We present a benchmark GAN system to generate 3D N-body voxel cubes. Our design of the novel GAN architecture scales to volumes of 256³ voxels. Our proposed solution relies on two key building blocks. First, we split the generation of the high-dimensional data into smaller patches. Instead of assuming that the distribution of each patch is independent of the surrounding context, we model it as a function of the neighboring patches. Although splitting the generation process into patches provides a scalable solution to generate images of arbitrary size, it also limits the field of view of the generator, reducing its ability to learn global image features. The second core idea of our method addresses this problem by relying on a multi-scale approach that efficiently captures global dependencies that might otherwise be lost in the splitting process.
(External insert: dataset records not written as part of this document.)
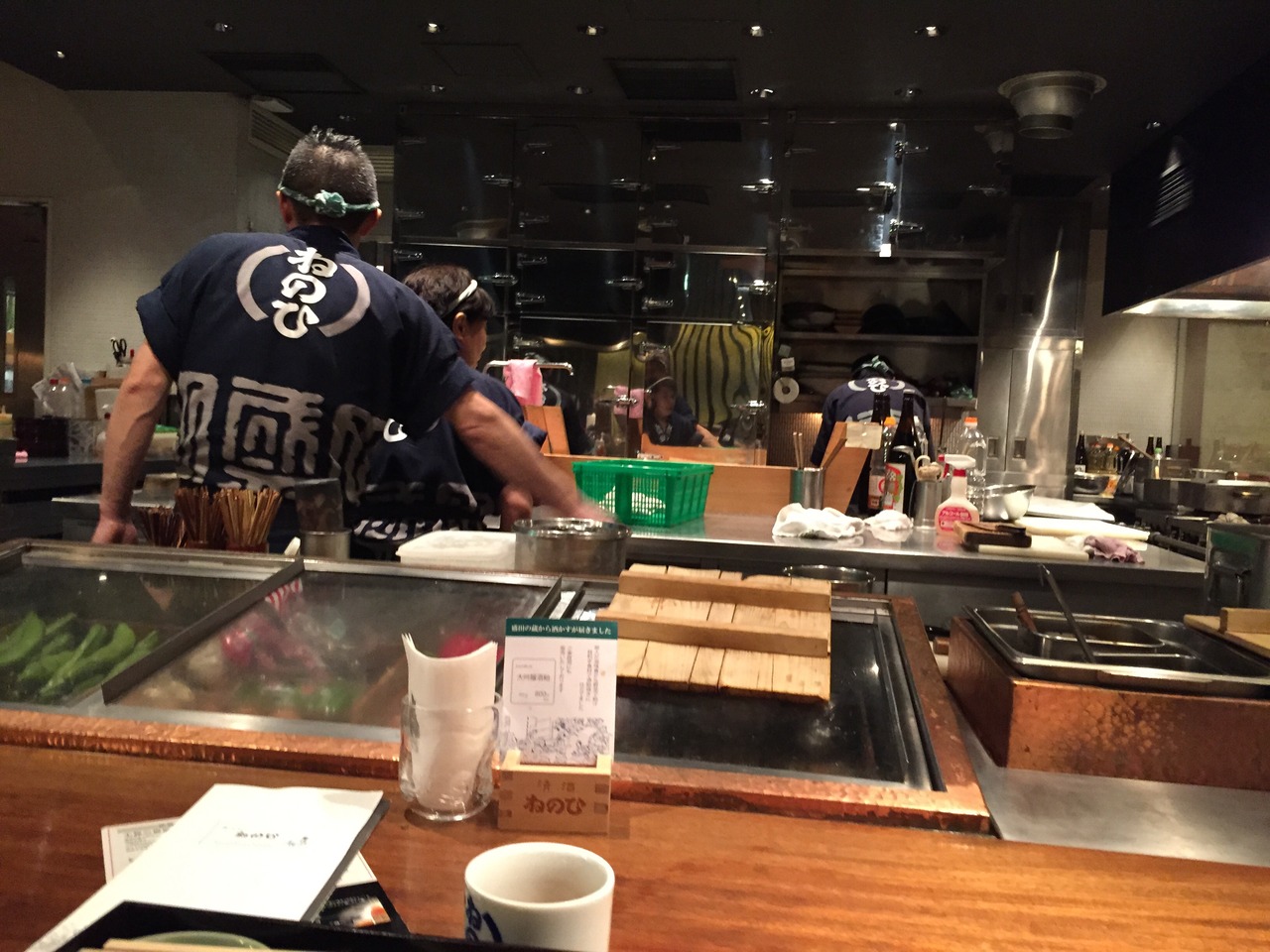 カウンター席に座りますと、目の前の厨房で働く姿・食材選び・包丁さばきなどが見れます。
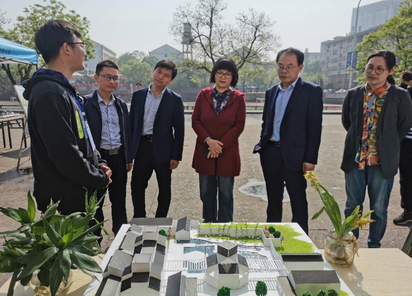 本网讯 4月28日上午,林学与园林学院在校大礼堂前举办“奋斗百年新时代,党耀林茵开未来”——第九届文化月闭幕式暨成果展主题展览。校学工部(处)处长姚莉、副处长刘柳、校团委副书记张志平以及学院党委书记江正君、党委副书记谈应权莅临本次活动现场参观指导。
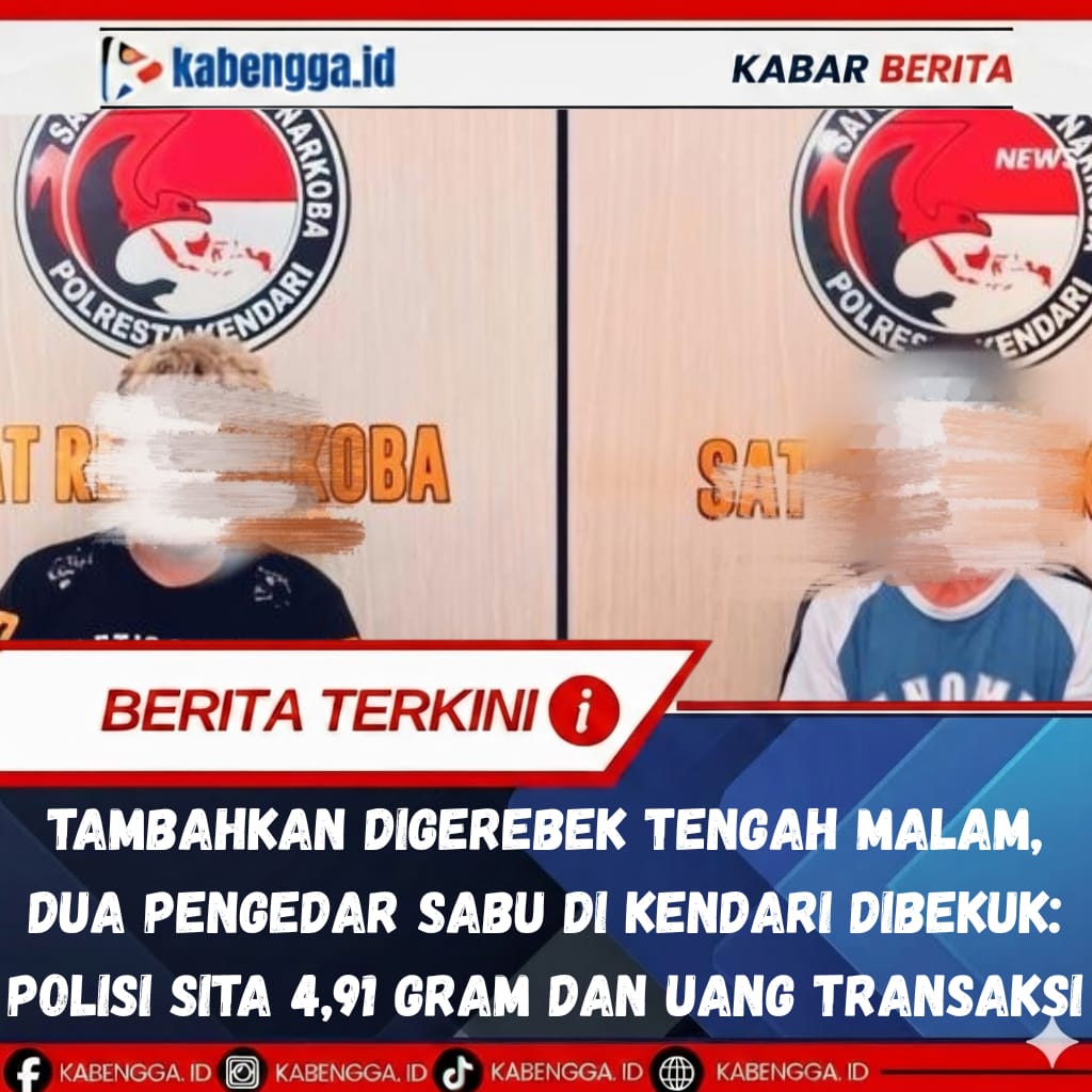KENDARI – Peredaran narkotika di Kota Kendari kembali diguncang operasi senyap aparat. Tim Opsnal Satuan Reserse Narkoba Polresta Kendari meringkus dua pria yang diduga terlibat jaringan peredaran sabu, Kamis dini hari, 26 Februari 2026, sekitar pukul 00.30 WITA.
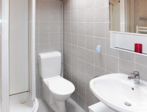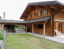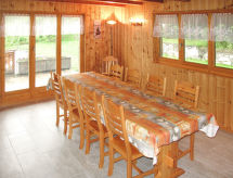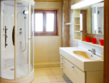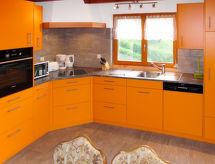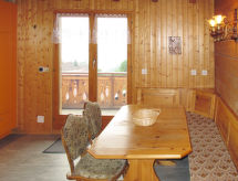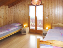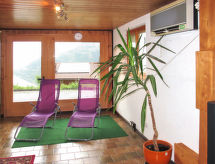 7 -sobni chalet 150 m2 na 3 etaže. Udobno i s puno drva uređen: 2 sobe, svaka soba s 1 bračnim krevetom. Tuš/WC. Gornji kat: dnevni boravak/blagovaona s kabelskom TV, radiom i DVD-om. Izlaz na balkon. Otvorena blagovaona s stolom za blagovanje. Izlaz na terasu. Kuhinja (pećnica, perilica za suđe, 4 staklokeramičke ploče za kuhanje, toster, kuhalo za vodu, mikrovalna pećnica, el. aparat za kavu, raclette roštilj, set za fondue (sir)) s malim stolom za blagovanje. Odv. WC. Potkrovlje 1 soba s 2 kreveta. Izlaz na balkon. 1 soba s 1 bračnim krevetom. Izlaz na balkon. 1 soba s 1 bračnim krevetom. 2 x tuš/WC. El. grijanje, podno grijanje. 2 balkona, terasa (natkrita). Garnitura za sjedenje, vrtni roštilj. Na raspolaganju: perilica za rublje, sušilica, sauna. Internet (wireless LAN [WLAN], besplatan). Dodatna informacija: apartman za nepušače. U slučaju boravka manjeg broja gostiju od maksimalnog kapaciteta objekta, neće biti na raspolaganju sve spavaće sobe.- postrojenja

Our results constitute a baseline solution to the challenge. While the obtained statistical accuracy is currently insufficient for a real cosmological use case, we achieve two goals: (i) we demonstrate that the project is tractable by GAN architectures, and (ii) we provide a framework for evaluating the performance of new algorithms in the future.

1.1 Related work

Generative models that produce novel representative samples from high-dimensional data distributions are increasingly becoming popular in various fields such as image-to-image translation (Zhu et al. 2017), or image in-painting (Iizuka, Simo-Serra and Ishikawa 2017) to name a few. There are many different deep learning approaches to generative models. The most popular ones are Variational Auto-Encoders (VAE) (Kingma and Welling 2014), Autoregressive models such as PixelCNN (van den Oord et al. 2016), and Generative Adversarial Networks (GAN) (Goodfellow et al. 2014). Regarding prior work for generating 3D images or volumes, two main types of architectures – in particular GANs – have been proposed. The first type (Achlioptas et al. 2018; Fan et al. 2017) generates 3D point clouds with a 1D convolutional architecture by producing a list of 3D point positions. This type of models does not scale to cases where billion of points are present in a simulation, posing an important concern given the size of current and future N-body simulations. The second type of approaches, including Wu et al. (2016), Mosser et al. (2017), directly uses 3D convolutions to produce a volume. Although the computation and memory cost is independent of the number of particles, it scales with the number of voxels of the desired volume, which grows cubically with the resolution. While recursive models such as PixelCNN (van den Oord et al. 2016) can scale to some extent, they are slow to generate samples, as they build the output image pixel-by-pixel in a sequential manner. We take inspiration from PixelCNN to design a patch-by-patch approach, rather than a pixel-by-pixel approach, which significantly speeds up the generation of new samples.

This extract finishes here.